Written By Unknown on Monday, August 24, 2015 | 8:19 AM

This extraordinary book is a journey into loneliness that encompasses all the stuff of life

Kate, the narrator of David Markson’s 1988 novel Wittgenstein’s Mistress, is a world traveller. She has sailed the Aegean and the Bering Strait, and driven across Russia and western Europe. A painter, Kate has not only visited but lived in some of the world’s most famous art museums: the Met, the Louvre, the Uffizi, the Tate. She has displayed her own canvases beside Renaissance masterpieces. She has visited Hisarlik in Turkey, supposed site of Troy, made pilgrimage to a Mexican village, and poured hundreds of tennis balls down the Spanish Steps in Rome. Kate can, in theory, do whatever she wants, whenever she wants. But her absolute freedom is also a form of imprisonment, because Kate is the last person – in fact the last life form – on Earth.

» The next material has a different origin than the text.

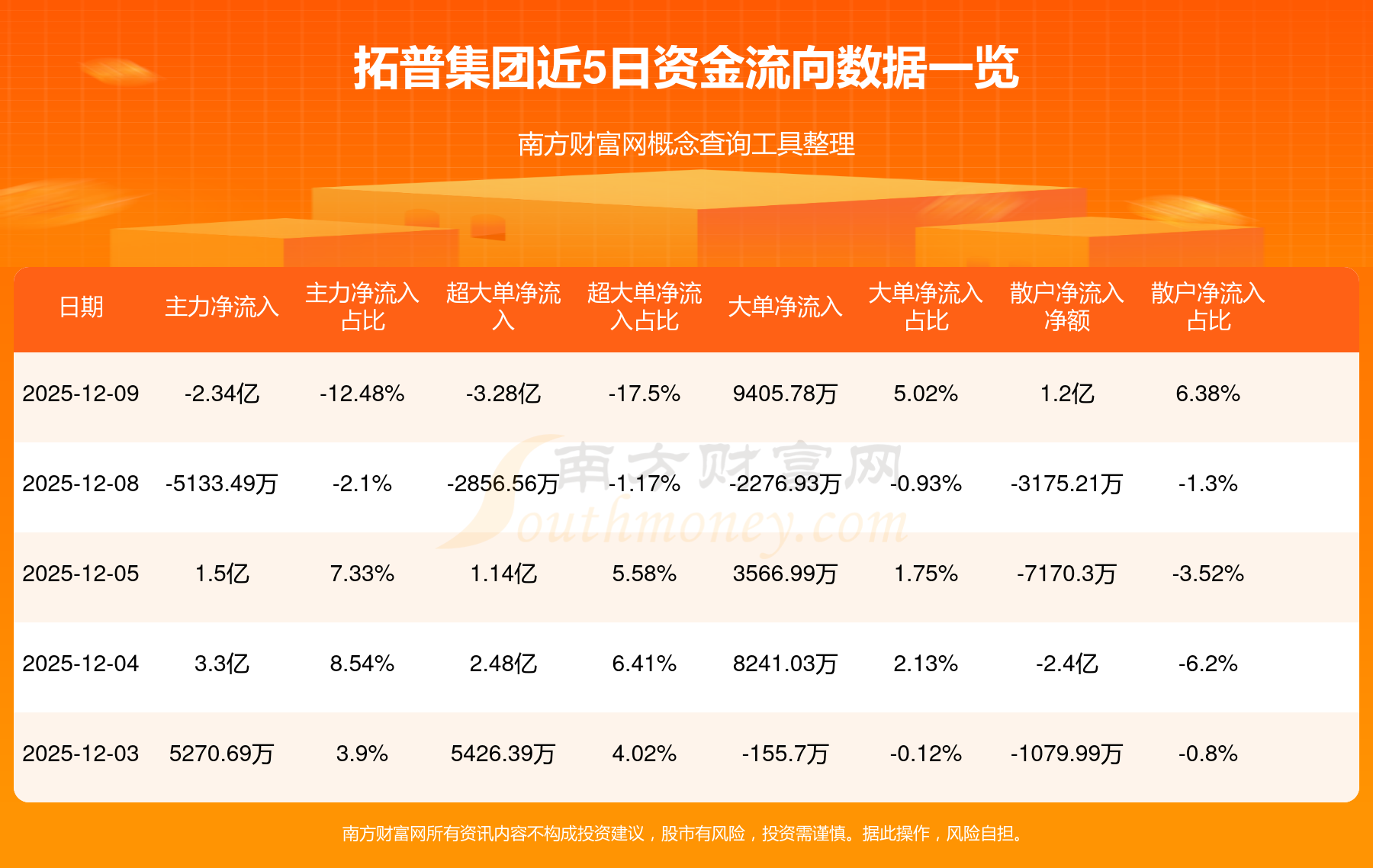12月9日消息,拓普集團(tuán)資金凈流出2.34億元,超大單資金凈流出3.28億元,換手率1.6%,成交金額18.74億元。

Or is she? Perhaps she is mentally ill, and her solipsism symptomatic rather than literal. She has, she says, been “mad” at some point, but claims: “I can almost always make a distinction between periods when I was mad and periods when I was not.” The way certain of her recollections repeat with key details altered, the way names of her family members and ex-lovers swap and change, suggest a slippage between perception and reality, but this soon ceases to matter. Likewise, the lack of explanation for Kate being the only survivor of an unexplained calamity is unimportant. Earlier drafts of the novel included one, but as Markson revised the manuscript he decided it was redundant. Whatever else is going on in this deeply complex, immensely readable book, its great theme is human aloneness, and it is the truth of that condition, as opposed to the reality of Kate’s situation, that really matters to and for the novel.